Work required: Your copy of the data should leave out the images and match everything else exactly.

.....

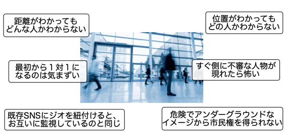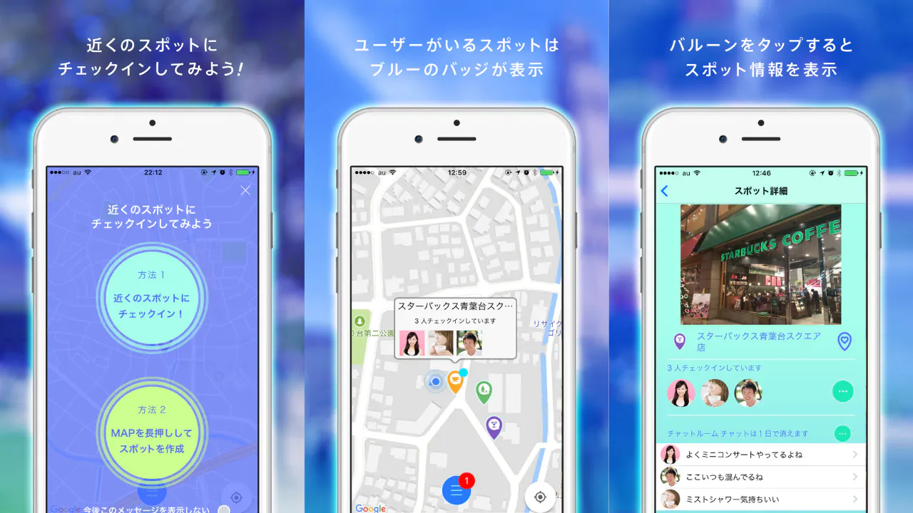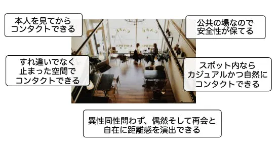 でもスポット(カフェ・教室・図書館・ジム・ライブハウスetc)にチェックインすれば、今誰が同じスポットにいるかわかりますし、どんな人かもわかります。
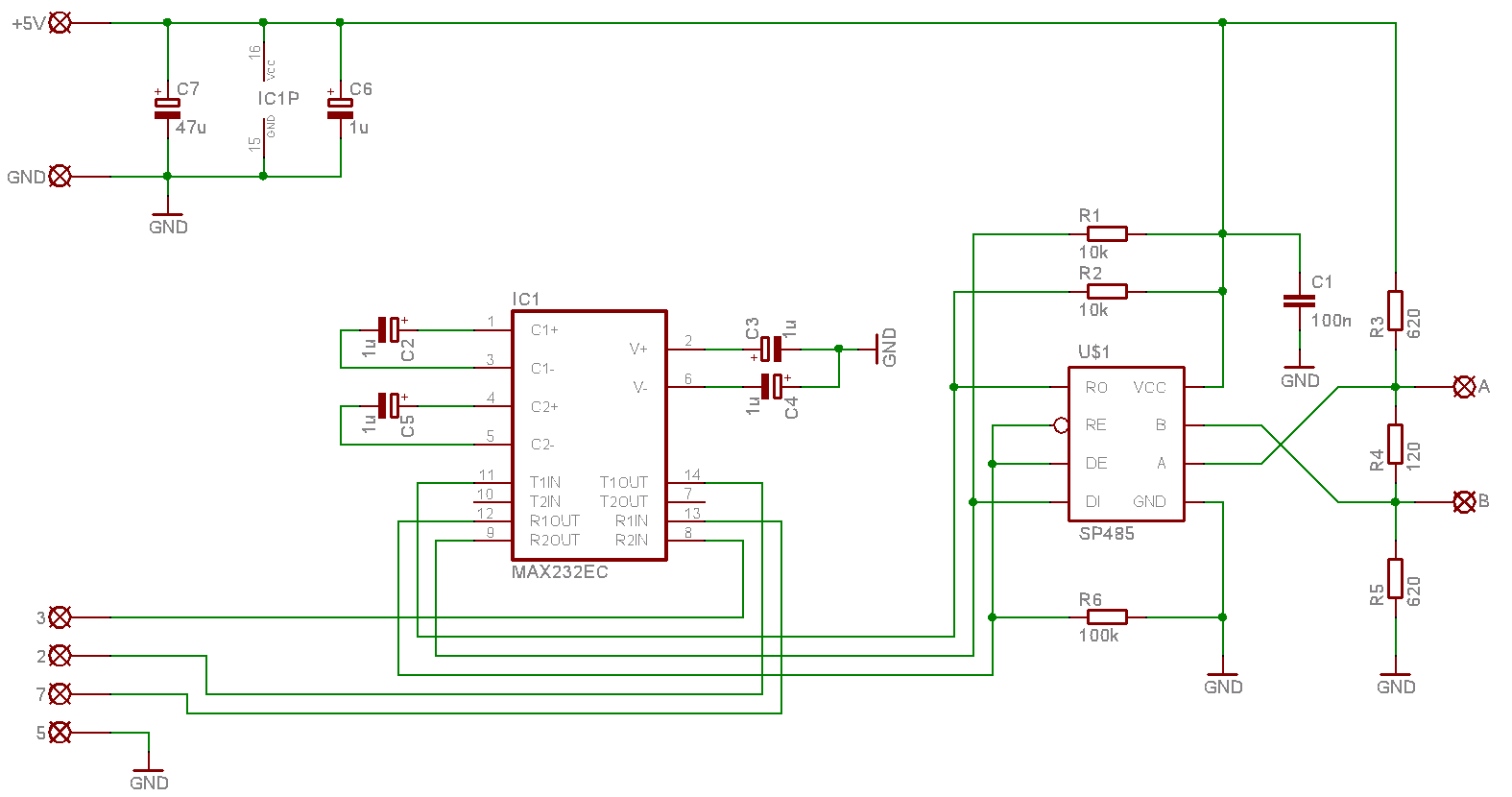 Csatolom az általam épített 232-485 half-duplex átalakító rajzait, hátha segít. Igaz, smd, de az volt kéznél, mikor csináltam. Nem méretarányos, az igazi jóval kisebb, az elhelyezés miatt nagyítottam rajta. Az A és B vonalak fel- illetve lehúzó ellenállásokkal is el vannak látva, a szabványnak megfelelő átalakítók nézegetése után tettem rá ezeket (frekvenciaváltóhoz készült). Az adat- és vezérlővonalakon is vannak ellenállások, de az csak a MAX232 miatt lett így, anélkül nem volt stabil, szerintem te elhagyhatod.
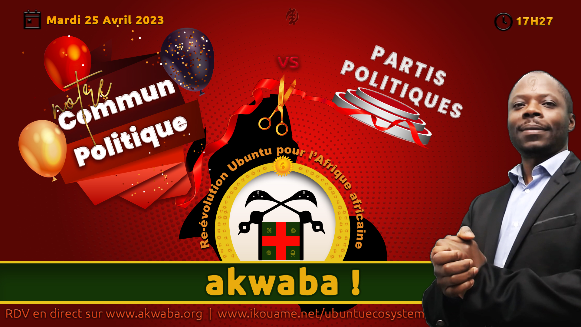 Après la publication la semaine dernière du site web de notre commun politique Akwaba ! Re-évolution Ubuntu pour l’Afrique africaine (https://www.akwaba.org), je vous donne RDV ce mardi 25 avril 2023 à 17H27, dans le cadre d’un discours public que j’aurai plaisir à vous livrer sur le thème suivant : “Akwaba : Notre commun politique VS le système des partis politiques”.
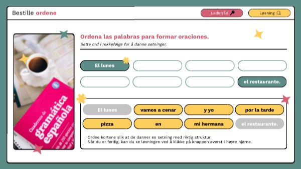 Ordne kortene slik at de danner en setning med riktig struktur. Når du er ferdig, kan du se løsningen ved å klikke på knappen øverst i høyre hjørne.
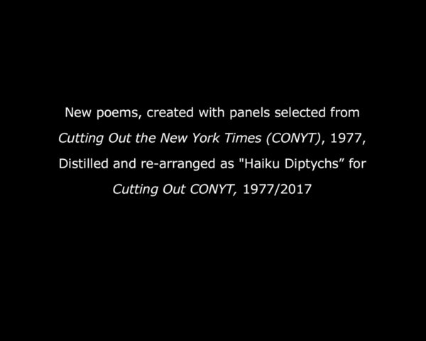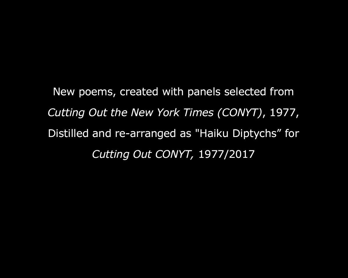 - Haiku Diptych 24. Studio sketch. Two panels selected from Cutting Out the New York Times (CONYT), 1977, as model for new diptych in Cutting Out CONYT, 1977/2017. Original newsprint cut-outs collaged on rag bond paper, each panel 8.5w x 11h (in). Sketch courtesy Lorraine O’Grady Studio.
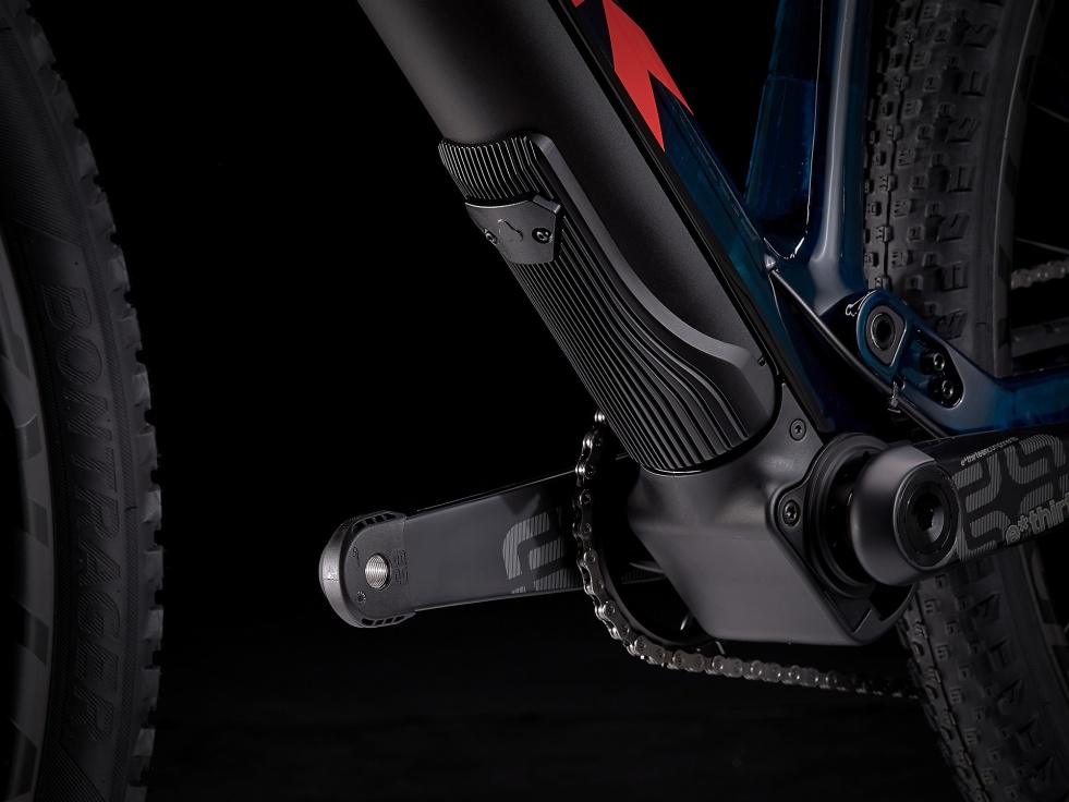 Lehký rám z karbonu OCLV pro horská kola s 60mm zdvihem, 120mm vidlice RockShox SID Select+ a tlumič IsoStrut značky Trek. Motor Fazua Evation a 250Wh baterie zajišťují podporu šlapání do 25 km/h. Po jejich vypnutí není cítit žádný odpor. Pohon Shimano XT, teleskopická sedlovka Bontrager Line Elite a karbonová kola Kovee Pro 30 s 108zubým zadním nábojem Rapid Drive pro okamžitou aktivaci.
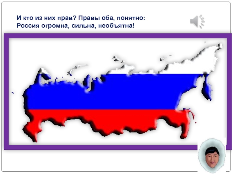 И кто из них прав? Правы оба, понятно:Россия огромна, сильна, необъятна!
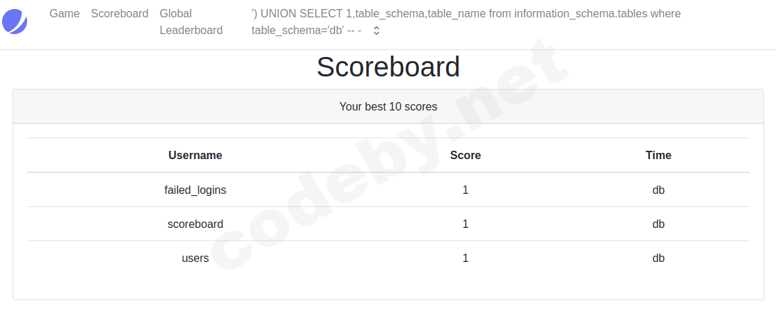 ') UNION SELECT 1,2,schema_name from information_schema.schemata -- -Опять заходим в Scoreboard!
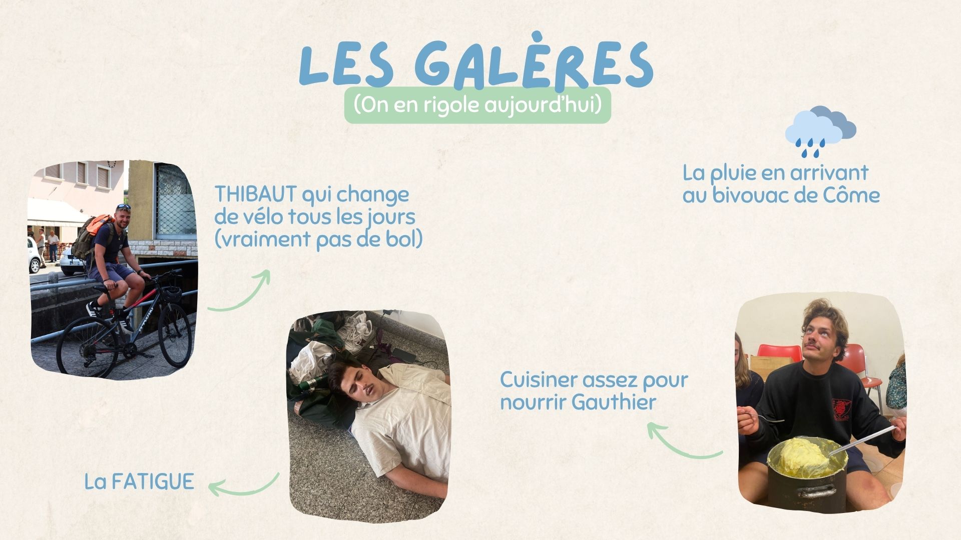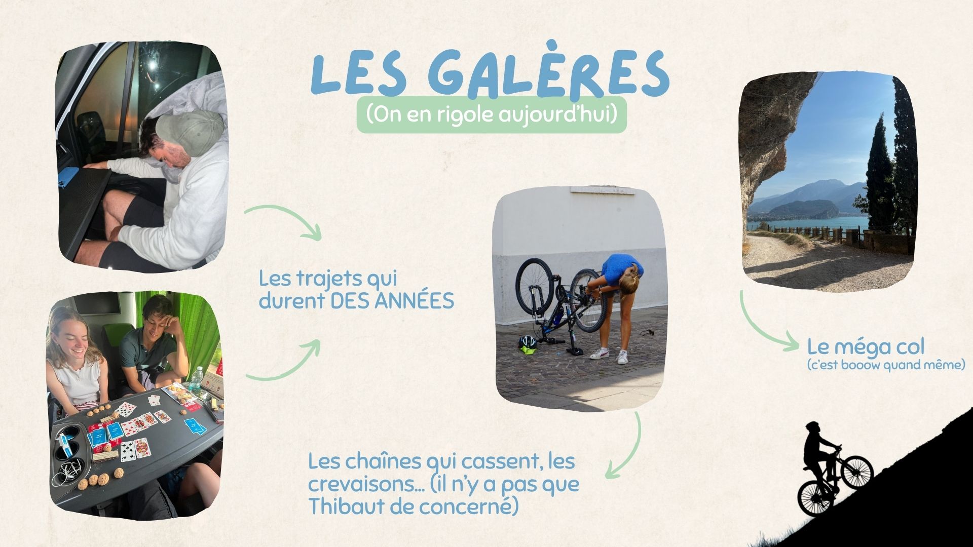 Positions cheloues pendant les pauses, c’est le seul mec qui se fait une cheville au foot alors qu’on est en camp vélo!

.....

Written response:
 でもスポット(カフェ・教室・図書館・ジム・ライブハウスetc)にチェックインすれば、今誰が同じスポットにいるかわかりますし、どんな人かもわかります。
 Csatolom az általam épített 232-485 half-duplex átalakító rajzait, hátha segít. Igaz, smd, de az volt kéznél, mikor csináltam. Nem méretarányos, az igazi jóval kisebb, az elhelyezés miatt nagyítottam rajta. Az A és B vonalak fel- illetve lehúzó ellenállásokkal is el vannak látva, a szabványnak megfelelő átalakítók nézegetése után tettem rá ezeket (frekvenciaváltóhoz készült). Az adat- és vezérlővonalakon is vannak ellenállások, de az csak a MAX232 miatt lett így, anélkül nem volt stabil, szerintem te elhagyhatod.
 Après la publication la semaine dernière du site web de notre commun politique Akwaba ! Re-évolution Ubuntu pour l’Afrique africaine (https://www.akwaba.org), je vous donne RDV ce mardi 25 avril 2023 à 17H27, dans le cadre d’un discours public que j’aurai plaisir à vous livrer sur le thème suivant : “Akwaba : Notre commun politique VS le système des partis politiques”.
 Ordne kortene slik at de danner en setning med riktig struktur. Når du er ferdig, kan du se løsningen ved å klikke på knappen øverst i høyre hjørne.
 - Haiku Diptych 24. Studio sketch. Two panels selected from Cutting Out the New York Times (CONYT), 1977, as model for new diptych in Cutting Out CONYT, 1977/2017. Original newsprint cut-outs collaged on rag bond paper, each panel 8.5w x 11h (in). Sketch courtesy Lorraine O’Grady Studio.
 Lehký rám z karbonu OCLV pro horská kola s 60mm zdvihem, 120mm vidlice RockShox SID Select+ a tlumič IsoStrut značky Trek. Motor Fazua Evation a 250Wh baterie zajišťují podporu šlapání do 25 km/h. Po jejich vypnutí není cítit žádný odpor. Pohon Shimano XT, teleskopická sedlovka Bontrager Line Elite a karbonová kola Kovee Pro 30 s 108zubým zadním nábojem Rapid Drive pro okamžitou aktivaci.
 И кто из них прав? Правы оба, понятно:Россия огромна, сильна, необъятна!
 ') UNION SELECT 1,2,schema_name from information_schema.schemata -- -Опять заходим в Scoreboard!
 Positions cheloues pendant les pauses, c’est le seul mec qui se fait une cheville au foot alors qu’on est en camp vélo!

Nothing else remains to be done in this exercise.